━━━━━ Supplied information
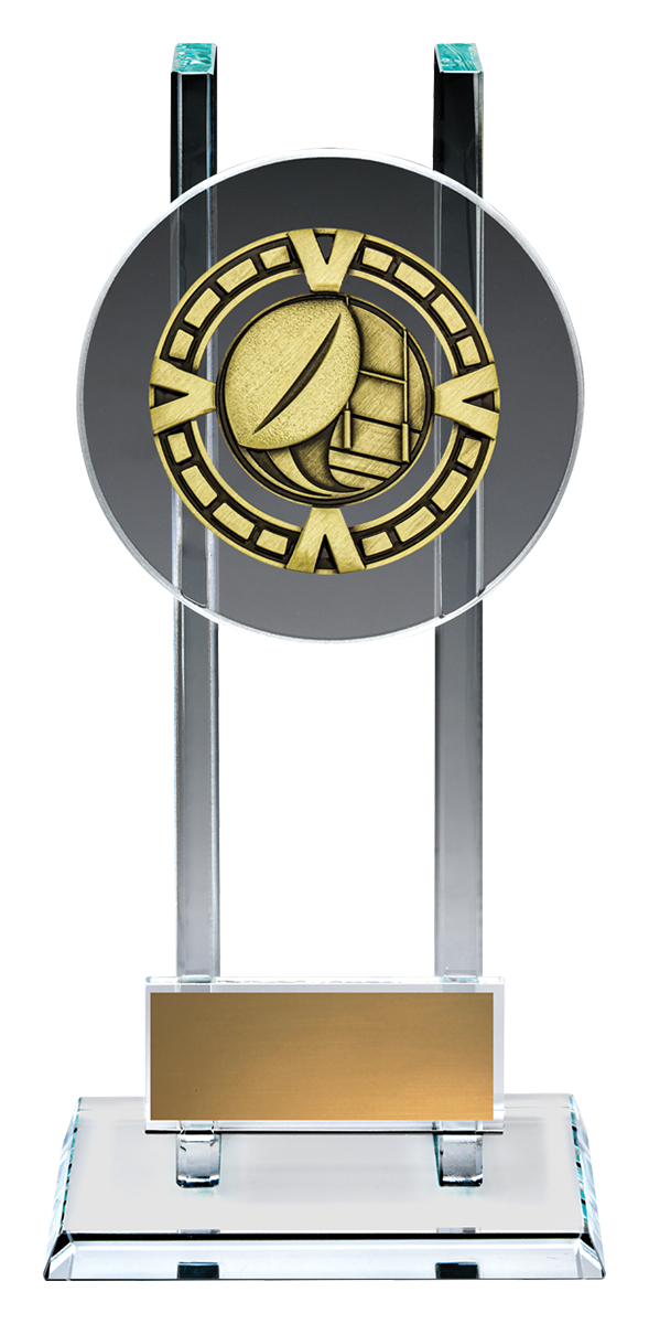 Bold glass awards are perfectly suited to recognise the top achievements at your team or club. Elevated glass platform showcases a brilliant metal theme for your sport or activity - space for your engraving as well.
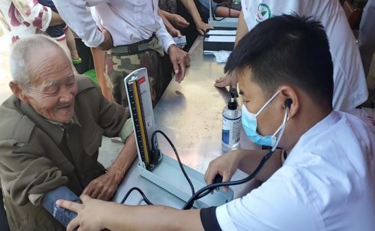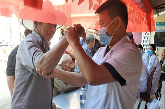 活動(dòng)現(xiàn)場(chǎng),前來咨詢的人絡(luò)繹不絕。醫(yī)院神經(jīng)內(nèi)科、普外科、疼痛科、呼吸科及彩超室等科室醫(yī)護(hù)人員免費(fèi)給群眾測(cè)量血壓、血糖等檢查,提供合理化的建議,耐心為每一位村民答疑解惑,向他們發(fā)放多種宣傳手冊(cè)和彩頁,為他們講解“三減三健”核心知識(shí)以及中國公民健康素養(yǎng)、老年人如何運(yùn)動(dòng)飲食等相關(guān)知識(shí)。
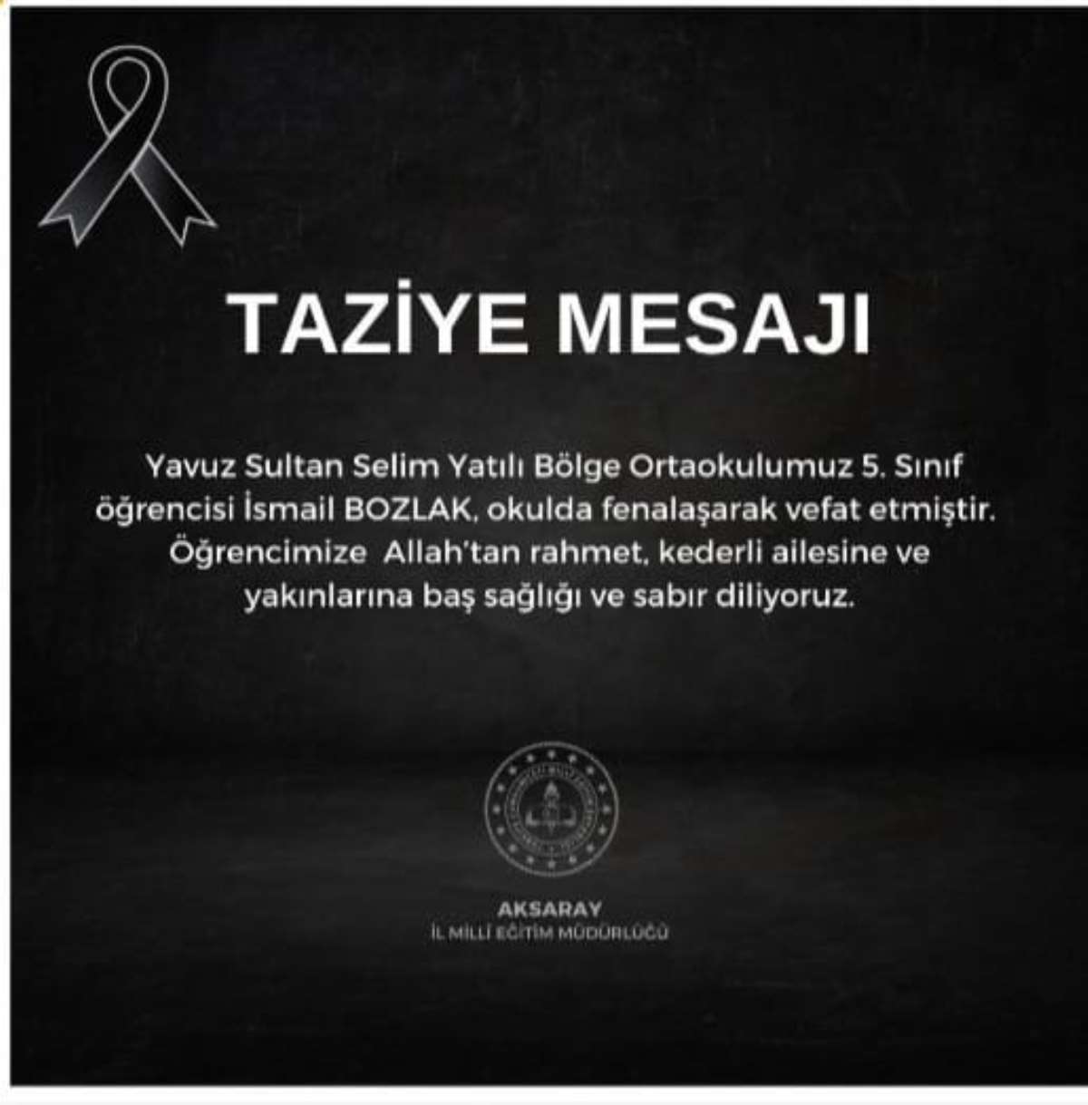 Aksaray İl Milli Eğitim Müdürlüğü de İsmail Bozlak için taziye mesajı yayınladı.
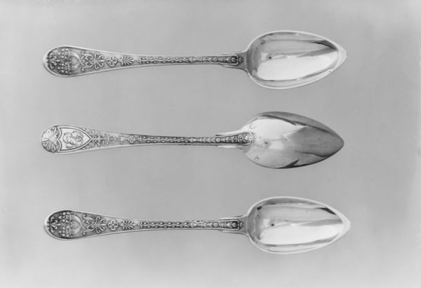 Here are two teaspoons crafted by Rufus Farnam, likely in the early 19th century. Their reflective surfaces and elongated forms immediately draw the eye. The spoons present a study in simple elegance. The curved bowl transitions smoothly into a slender handle, creating a visual flow. The composition emphasizes linearity and balance, reflecting a neo-classical aesthetic. The reflective surface of the silver enhances the subtle contours, playing with light and shadow. These utensils transcend their everyday function through their formal qualities. Farnam's work engages with ideas of domesticity and refinement. Silverware in this period signaled social status and adherence to codes of polite society. The spoons, therefore, are not merely tools but symbols of cultural values and social distinctions. Ultimately, the lasting appeal of these teaspoons resides in their refined form, which speaks to broader cultural narratives of taste, class, and the rituals of daily life.
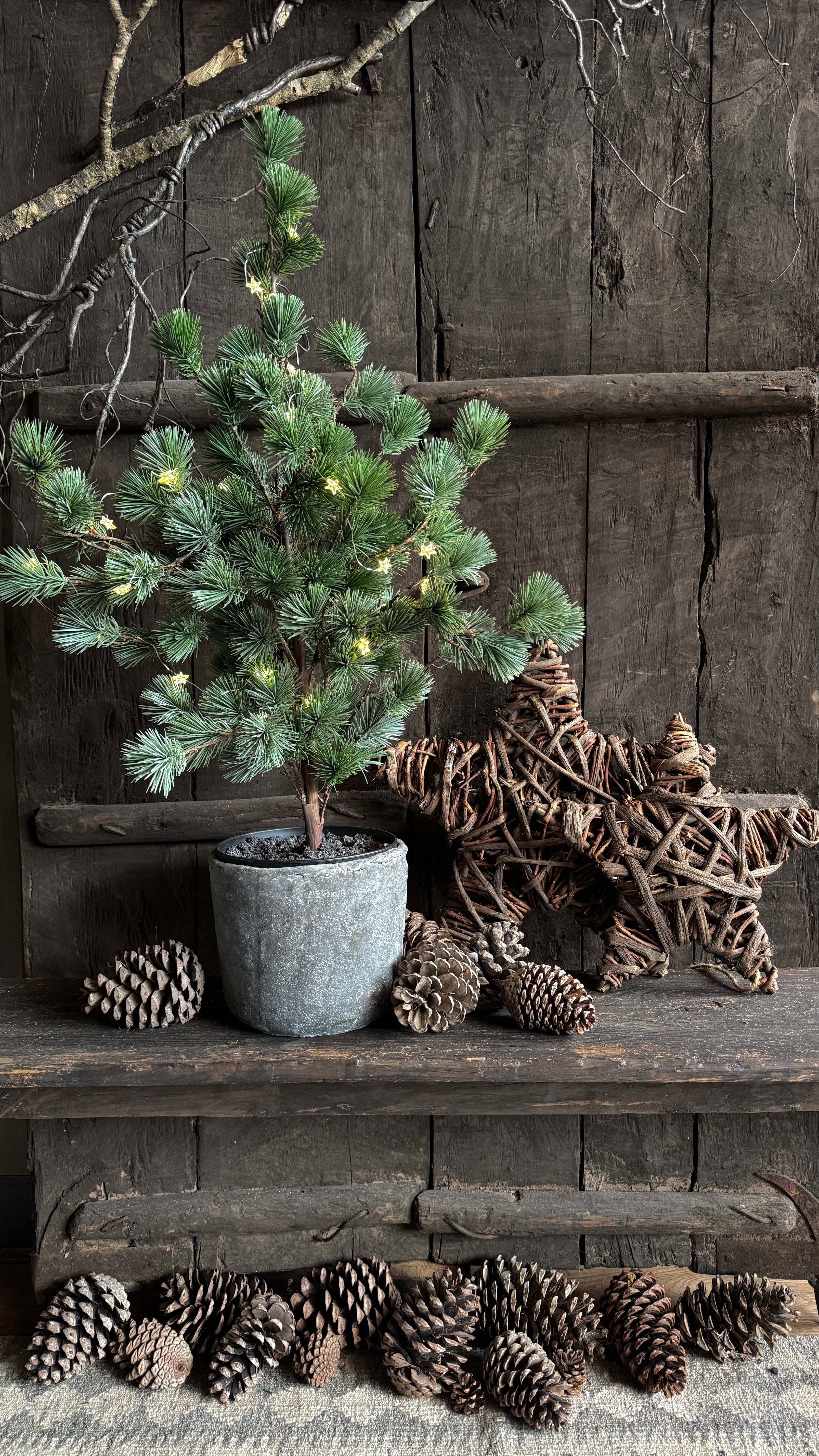 Zet 'm op een sidetable, in de vensterbank of op een dressoir voor een sfeervol winteraccent. Combineer hem met roestige belletjes of een dennenappelkoord voor een warme, natuurlijke touch in huis. Ideaal voor de feestdagen, maar ook daarna prachtig als blijvende, sobere decoratie.
━━━━━━━━━━
**Exercise:**
The reply should hold every line of the records unchanged and no pictures.

**Exercise answer:**
 Bold glass awards are perfectly suited to recognise the top achievements at your team or club. Elevated glass platform showcases a brilliant metal theme for your sport or activity - space for your engraving as well.
 活動(dòng)現(xiàn)場(chǎng),前來咨詢的人絡(luò)繹不絕。醫(yī)院神經(jīng)內(nèi)科、普外科、疼痛科、呼吸科及彩超室等科室醫(yī)護(hù)人員免費(fèi)給群眾測(cè)量血壓、血糖等檢查,提供合理化的建議,耐心為每一位村民答疑解惑,向他們發(fā)放多種宣傳手冊(cè)和彩頁,為他們講解“三減三健”核心知識(shí)以及中國公民健康素養(yǎng)、老年人如何運(yùn)動(dòng)飲食等相關(guān)知識(shí)。
 Aksaray İl Milli Eğitim Müdürlüğü de İsmail Bozlak için taziye mesajı yayınladı.
 Here are two teaspoons crafted by Rufus Farnam, likely in the early 19th century. Their reflective surfaces and elongated forms immediately draw the eye. The spoons present a study in simple elegance. The curved bowl transitions smoothly into a slender handle, creating a visual flow. The composition emphasizes linearity and balance, reflecting a neo-classical aesthetic. The reflective surface of the silver enhances the subtle contours, playing with light and shadow. These utensils transcend their everyday function through their formal qualities. Farnam's work engages with ideas of domesticity and refinement. Silverware in this period signaled social status and adherence to codes of polite society. The spoons, therefore, are not merely tools but symbols of cultural values and social distinctions. Ultimately, the lasting appeal of these teaspoons resides in their refined form, which speaks to broader cultural narratives of taste, class, and the rituals of daily life.
 Zet 'm op een sidetable, in de vensterbank of op een dressoir voor een sfeervol winteraccent. Combineer hem met roestige belletjes of een dennenappelkoord voor een warme, natuurlijke touch in huis. Ideaal voor de feestdagen, maar ook daarna prachtig als blijvende, sobere decoratie.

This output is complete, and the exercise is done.